House Democratic leaders will unveil an enhanced child tax credit bill today that could give families $3,000 per child.
The bill, to be presented by Ways and Means Committee chair Richard Neal, would advance a provision of President Biden’s $1.9 trillion American Rescue plan.
According to the bill, the provision offers $3,600 per child under the age of six and $3,000 per child age six through 17 for a single year. The full benefit is available to single parents earning up to $75,000 annually and couples earning up to $150,000, and payments would phase out after those thresholds, according to the plan. The plan would start in July, and families can receive the child tax credit payments on a monthly basis, which advocates say will make it easier to pay their obligations compared to getting a lump sum, according to CNN.
Under current law, the child tax credit provides a credit of up to $2,000 per child under age 17. If the credit exceeds taxes owed, families may receive up to $1,400 per child as a refund. Other dependents — including children ages 17-18 and full-time college students ages 19-24 — can receive a nonrefundable credit of up to $500 each, according to the Tax Policy Center.

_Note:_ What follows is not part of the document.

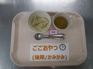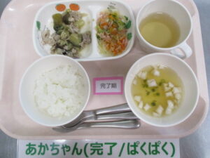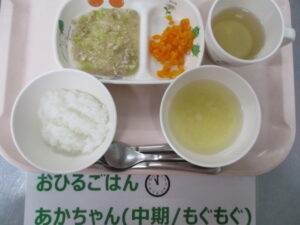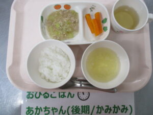 【中期食】五倍粥、ツナとなすの煮物、人参煮、玉ねぎのすまし汁

Under Biden’s stimulus plan, this provision, in addition to raising the amount, would make the CTC fully refundable by removing a rule limiting the refundable portion to $1,400 and by removing the earnings requirement, according to the plan.
Last Thursday, Utah Senator Mitt Romney introduced the Family Security Act, which would provide families with a monthly cash benefit amounting to $350 a month for each young child and $250 a month for each school-aged child, according to the Act.
“The Family Security Act creates a new national commitment to American families by modernizing and streamlining antiquated federal policies into a monthly cash benefit,” the act reads. “Expecting parents will receive the benefit mid-pregnancy, helping them tackle the expenses that start on day one. If enacted, low-income families would no longer have to choose between a bigger paycheck or eligibility for support. This plan would immediately lift nearly 3 million children out of poverty, while providing a bridge to the middle class — without adding a dime to the federal deficit.”